### Problem to work on
Reproduce the material below line by line, beginning with its first line and ending with the line that contains "LOT: 42203890 VIN: KNADN4A31D6115175"; leave out pictures.

### Supplied data
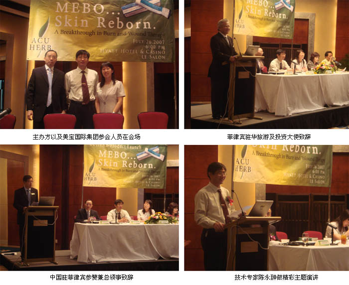 2007年7月26日晚19點(diǎn)半,美寶產(chǎn)品發(fā)布會(huì)于菲律賓馬尼拉最著名的Hyatt Hotel隆重召開(kāi)。此次發(fā)布會(huì)是美寶國(guó)際集團(tuán)在菲律賓的合作伙伴-菲律賓菲亞華公司向菲律賓人介紹美寶濕潤(rùn)燒傷膏的一個(gè)良好契機(jī)。參加此次產(chǎn)品發(fā)布會(huì)的有政界代表,如菲律賓駐華旅游及投資大使、中國(guó)駐菲律賓總領(lǐng)事、菲律賓眾議員;也有商界代表,如菲律賓最大的已具有62年?duì)I銷(xiāo)歷史的Mercury Drugs藥店的銷(xiāo)售經(jīng)理;還有來(lái)自菲律賓的著名醫(yī)院,例如菲律賓最大的菲律賓總醫(yī)院、馬尼拉市立醫(yī)院以及Manila Doctors Hospital 等9個(gè)醫(yī)院的70多個(gè)醫(yī)生代表;同時(shí)還有包括新華社、光明日?qǐng)?bào)、The Philippine Star、Philippine Daily Inquirer 等數(shù)家新聞媒體的代表。美寶國(guó)際集團(tuán)派出技術(shù)專家陳永羽中以及境外經(jīng)營(yíng)總部技術(shù)主管李曉輝參會(huì)。首先,菲亞華公司總裁鄭啟明先生致開(kāi)場(chǎng)辭,感謝大家參加這一第一個(gè)作為處方藥在菲律賓成功注冊(cè)的來(lái)自中國(guó)的藥品的發(fā)布會(huì)。菲律賓駐華旅游及投資大使做了熱誠(chéng)洋溢的演講,高度贊揚(yáng)了鄭先生在引進(jìn)中國(guó)的先進(jìn)藥品方面所做的巨大貢獻(xiàn),并提出,在菲律賓官方對(duì)中國(guó)食品藥品很不感冒的情況下,該產(chǎn)品發(fā)布會(huì)的順利舉行本身就是一個(gè)很大的成功,并祝賀美寶濕潤(rùn)燒傷膏成為第一個(gè)來(lái)自中國(guó)并在菲律賓成功注冊(cè)的處方藥。中國(guó)駐菲律賓參贊及總領(lǐng)事對(duì)于中國(guó)藥品所取得的成就感到驕傲,并聲明將更加支持中國(guó)醫(yī)藥在菲律賓的發(fā)展。技術(shù)專家陳永羽中做了關(guān)于燒傷皮膚再生醫(yī)學(xué)在燒傷、瘡瘍領(lǐng)域的應(yīng)用效果以及其他器官再生的實(shí)驗(yàn)室研究成果的精彩演講。與會(huì)人員全部聚精會(huì)神聽(tīng)講。大量醫(yī)生在會(huì)后找到主辦方以及陳主任,要求親自示范這一先進(jìn)技術(shù)。境外經(jīng)營(yíng)總部技術(shù)主管李曉輝對(duì)于美寶國(guó)際集團(tuán)以及再生醫(yī)學(xué)這一先進(jìn)技術(shù)的一個(gè)總結(jié)性的報(bào)告贏得了大家的一致認(rèn)同:再生醫(yī)學(xué)將造福菲律賓廣大民眾!
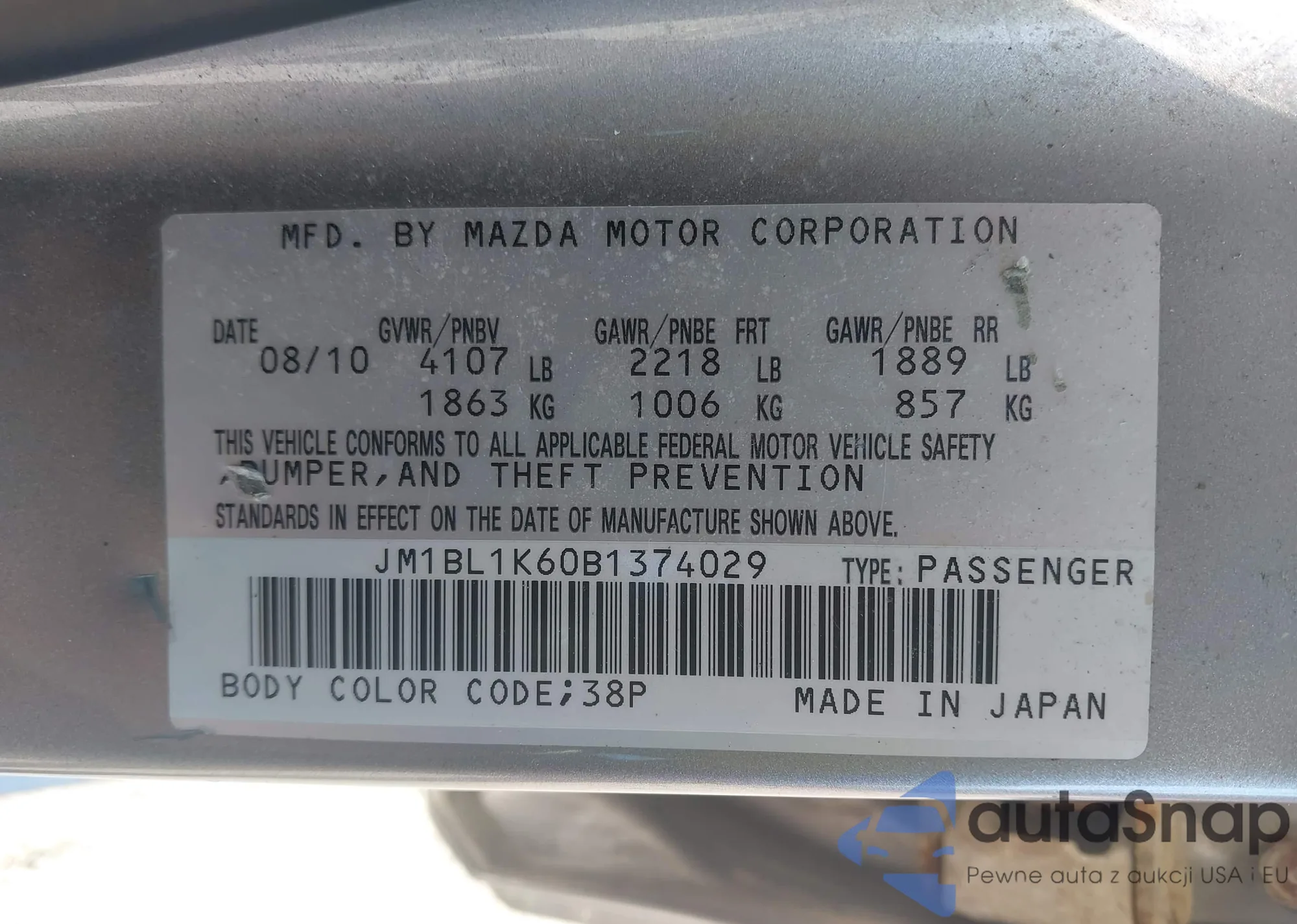 LOT: 42203890 VIN: KNADN4A31D6115175
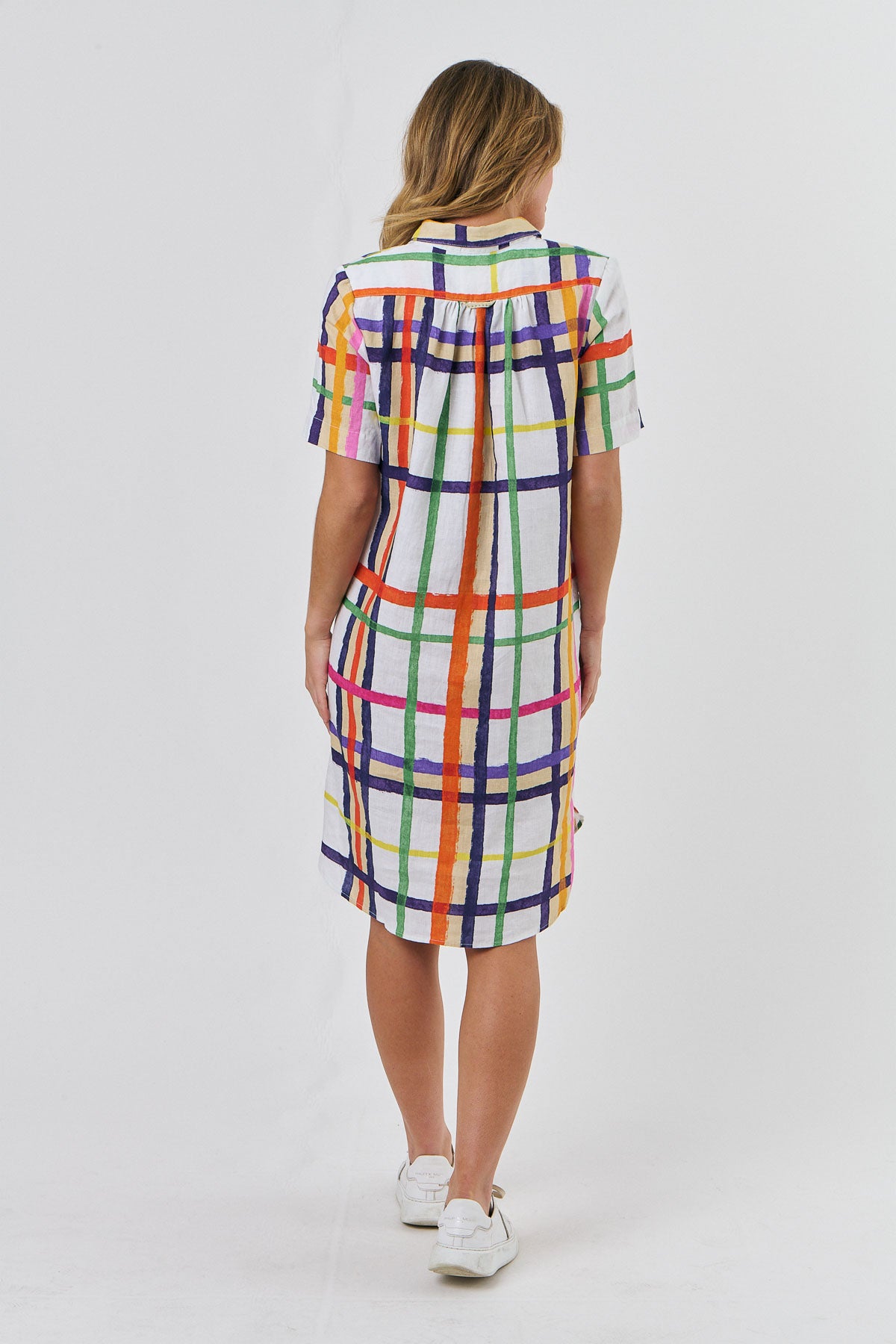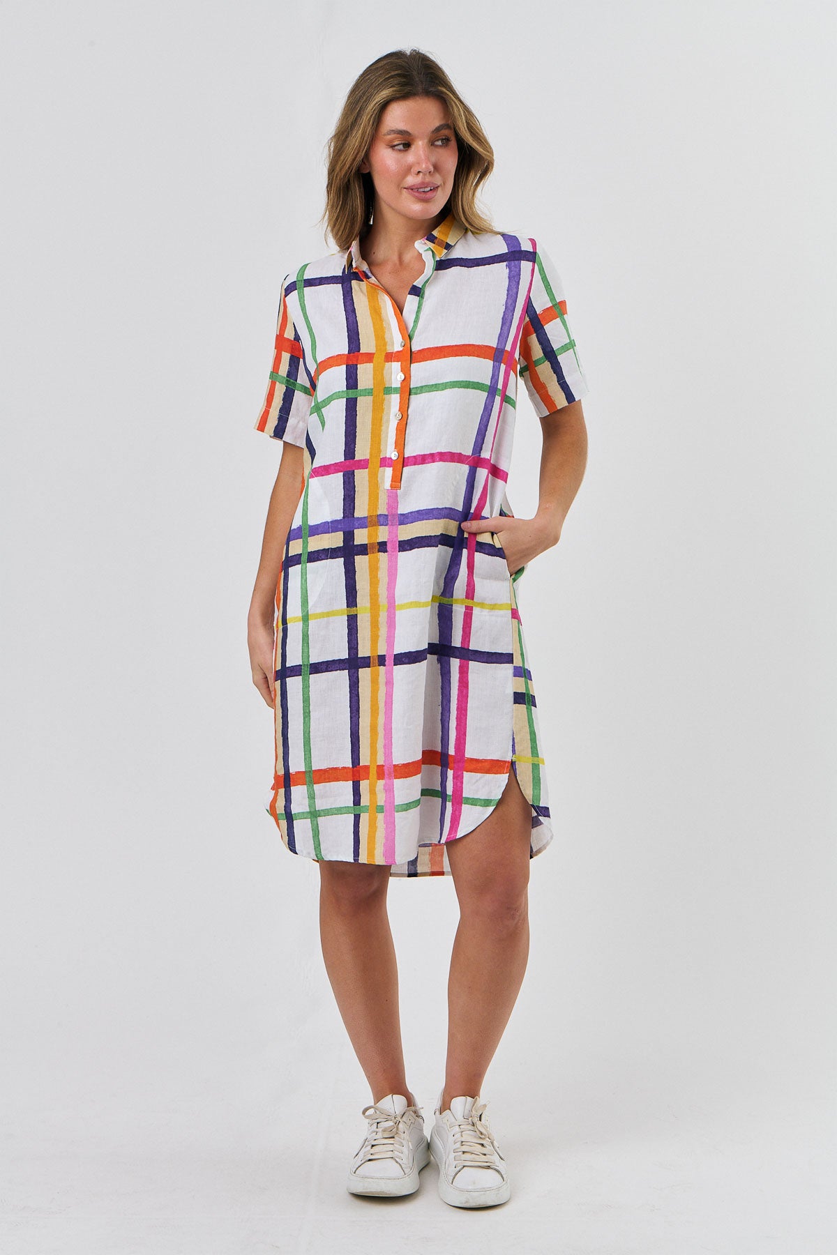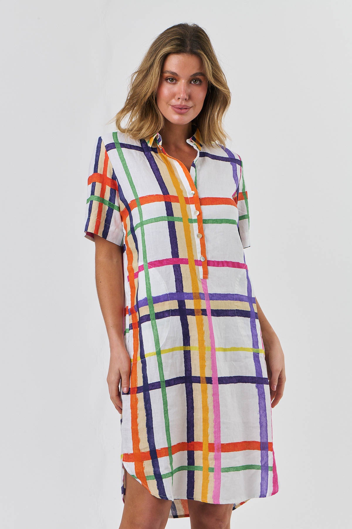 Our signature shirt dress in Eclat – a striking oversized Check in bold colours. Perfect for a cruise in the Mediterranean or a long lunch on Bondi Beach. Our linen shirt dress in this statement check features buttons midway down, short sleeves, and a relaxed collar. Crafted from 100% super soft, laundered linen, with concealed pockets, a box pleat at the back, and a subtle high-low hemline that just grazes the knee.

### Task response
 2007年7月26日晚19點(diǎn)半,美寶產(chǎn)品發(fā)布會(huì)于菲律賓馬尼拉最著名的Hyatt Hotel隆重召開(kāi)。此次發(fā)布會(huì)是美寶國(guó)際集團(tuán)在菲律賓的合作伙伴-菲律賓菲亞華公司向菲律賓人介紹美寶濕潤(rùn)燒傷膏的一個(gè)良好契機(jī)。參加此次產(chǎn)品發(fā)布會(huì)的有政界代表,如菲律賓駐華旅游及投資大使、中國(guó)駐菲律賓總領(lǐng)事、菲律賓眾議員;也有商界代表,如菲律賓最大的已具有62年?duì)I銷(xiāo)歷史的Mercury Drugs藥店的銷(xiāo)售經(jīng)理;還有來(lái)自菲律賓的著名醫(yī)院,例如菲律賓最大的菲律賓總醫(yī)院、馬尼拉市立醫(yī)院以及Manila Doctors Hospital 等9個(gè)醫(yī)院的70多個(gè)醫(yī)生代表;同時(shí)還有包括新華社、光明日?qǐng)?bào)、The Philippine Star、Philippine Daily Inquirer 等數(shù)家新聞媒體的代表。美寶國(guó)際集團(tuán)派出技術(shù)專家陳永羽中以及境外經(jīng)營(yíng)總部技術(shù)主管李曉輝參會(huì)。首先,菲亞華公司總裁鄭啟明先生致開(kāi)場(chǎng)辭,感謝大家參加這一第一個(gè)作為處方藥在菲律賓成功注冊(cè)的來(lái)自中國(guó)的藥品的發(fā)布會(huì)。菲律賓駐華旅游及投資大使做了熱誠(chéng)洋溢的演講,高度贊揚(yáng)了鄭先生在引進(jìn)中國(guó)的先進(jìn)藥品方面所做的巨大貢獻(xiàn),并提出,在菲律賓官方對(duì)中國(guó)食品藥品很不感冒的情況下,該產(chǎn)品發(fā)布會(huì)的順利舉行本身就是一個(gè)很大的成功,并祝賀美寶濕潤(rùn)燒傷膏成為第一個(gè)來(lái)自中國(guó)并在菲律賓成功注冊(cè)的處方藥。中國(guó)駐菲律賓參贊及總領(lǐng)事對(duì)于中國(guó)藥品所取得的成就感到驕傲,并聲明將更加支持中國(guó)醫(yī)藥在菲律賓的發(fā)展。技術(shù)專家陳永羽中做了關(guān)于燒傷皮膚再生醫(yī)學(xué)在燒傷、瘡瘍領(lǐng)域的應(yīng)用效果以及其他器官再生的實(shí)驗(yàn)室研究成果的精彩演講。與會(huì)人員全部聚精會(huì)神聽(tīng)講。大量醫(yī)生在會(huì)后找到主辦方以及陳主任,要求親自示范這一先進(jìn)技術(shù)。境外經(jīng)營(yíng)總部技術(shù)主管李曉輝對(duì)于美寶國(guó)際集團(tuán)以及再生醫(yī)學(xué)這一先進(jìn)技術(shù)的一個(gè)總結(jié)性的報(bào)告贏得了大家的一致認(rèn)同:再生醫(yī)學(xué)將造福菲律賓廣大民眾!
 LOT: 42203890 VIN: KNADN4A31D6115175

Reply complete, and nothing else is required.